AIDS in Africa
Sub-Saharan Africa is home to 12.2% of the world's population, but 69% of all people living with HIV are found in this region. Because of their vulnerable position in society, children suffer worst of all, even when they are not sick themselves.
When parents become ill, it is often children who take on the role of caregiver, missing school and taking jobs to support their family. When their parents die, these same children are left in the care of grandparents or extended family, who struggle to make ends meet with the financial burden of extra mouths to feed. Some are left alone in child-headed households, working hard for their own survival, and often that of their brothers and sisters too.
On this page
Here, you can find out more about the impact of HIV/AIDS on Africa's children, and what we are doing to help:
An overwhelming problem
In sub-Saharan Africa, almost 1 in 20 adults lives with HIV. In 2011, the global prevalence of HIV among adults aged 15-49 was 0.8%. In sub-Saharan Africa, however, the rate was as high as 4.9%. The regions with the next highest rate of infection are the Caribbean and Eastern Europe & Central Asia. In both these regions, prevalence stands at 1%; far lower than in sub-Saharan Africa.
The problem is worst in Southern Africa, although some countries in the Eastern and Central regions of the continent have high prevalence rates as well. Swaziland, Botswana and Lesotho are the most severely affected countries, with the 2011 infection rate in Swaziland running at over a quarter of the population.
Infection is not uniform across a population. In a country such as Swaziland, where 26% of people live with HIV, there are areas where nearly everyone is affected. In places like these, village after village has no young adults left. The scale of the problem is overwhelming.
In many places, the infrastructure simply cannot cope with the strain. In sub-Saharan Africa, half of all hospital beds are occupied by people suffering from HIV-related conditions. Patients affected by HIV remain in hospital much longer than others, meaning that beds are often in short supply, particularly in poorer countries where capacity is low to begin with.
Many countries in sub-Saharan Africa suffer from a shortage of healthcare workers. In some cases, this is due to a drainage of skilled people out of the country to higher-paid jobs abroad. HIV itself is also responsible for the loss of health professionals. In some countries, HIV rates are so high that a large proportion of health workers are affected by the disease and are ultimately forced out of work by illness.
Children suffer worse than any other sector of society. Of the 23.5 million people living with HIV in sub-Saharan Africa, 3.1 million are children. Children suffer indirectly as well as through infection. More children have been orphaned by AIDS in sub-Saharan Africa than in any other part of the world. Children's dependence on others for their welfare means that they are left particularly vulnerable when parents become sick or die.
A lost education
Many leave education to be there for their mother or father, or to support themselves and siblings when their parents die. School is crucial to a happy, healthy life and a successful career, and many of these children suffer the effects of a disrupted education for the rest of their lives.
Education is also a hugely important tool in stemming HIV transmission. A good education equips children with an awareness about HIV/AIDS which often they do not get at home. They learn how to prevent infection, as well as how to manage and treat the condition if they are already living with HIV. Young people with a limited education are about twice as likely to contract the virus than those who have completed primary school.
A working childhood
Families need to eat, and when the main breadwinner is unable to provide, work is often the only option for children. Children take jobs to support their families, often in dangerous industries with hard working conditions. For some, prostitution is the only way to make money. Such work is deeply traumatising to children, and leads to further HIV transmission, contributing to the epidemic.
Child-headed households like these are at an immediate disadvantage. Not only do children lose out on their education, they also find it harder to access necessities such as adequate food, nutrition, healthcare and clothing. Many lose their homes because they cannot pay the bills.

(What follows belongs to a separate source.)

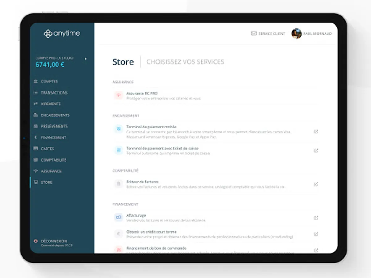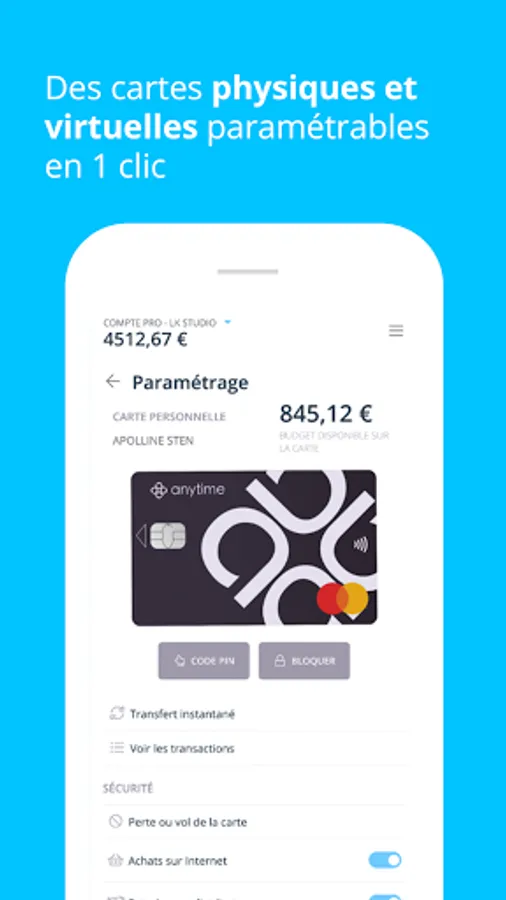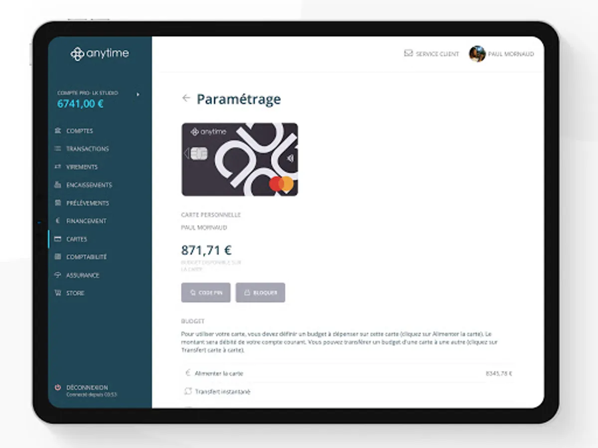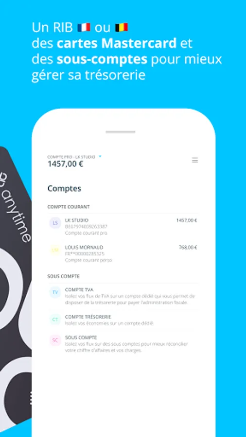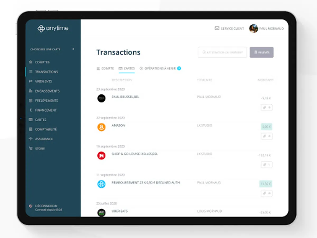 Anytime is the ideal professional account for companies, SMEs, associations and freelancers. Anytime is the alternative or complementary solution to your professional bank. Everything is simpler, digital and instantaneous.

What are we doing to help?
Ever since the HIV/AIDS outbreak reached epidemic proportions in sub-Saharan Africa, we have using our knowledge and experience to develop an effective approach to tackling the problem:
- Raising awareness to prevent spread: We work with communities from our SOS Social and Medical Centres to raise awareness about how HIV spreads, so people are equipped to avoid infection
- Reducing mother-to-child transmission: The right treatment and feeding techniques can prevent the virus from passing from a mother to her child. We support mothers to protect the next generation
- Testing and support: We offer HIV tests, diagnosing infection early so we can deliver treatment
- Antiretroviral treatment: Antiretroviral (ARV) medication is extremely effective in reducing or eliminating symptoms, slowing the development of HIV into AIDS, and ultimately prolonging life. We provide ARVs at our medical centres
- A home for orphans: We provide a loving family home in an SOS Children's Villages for many of the children left without parents by HIV/AIDS.
This is only the tip of the iceberg. Not only are our teams proactively involved in tackling HIV/AIDS, many of the children we care for are also doing their bit to raise awareness of this problem. Through Anti-AIDS Clubs, children and young people aim to tackle taboo areas which hinder prevention of transmission, and offer support networks for children who are affected.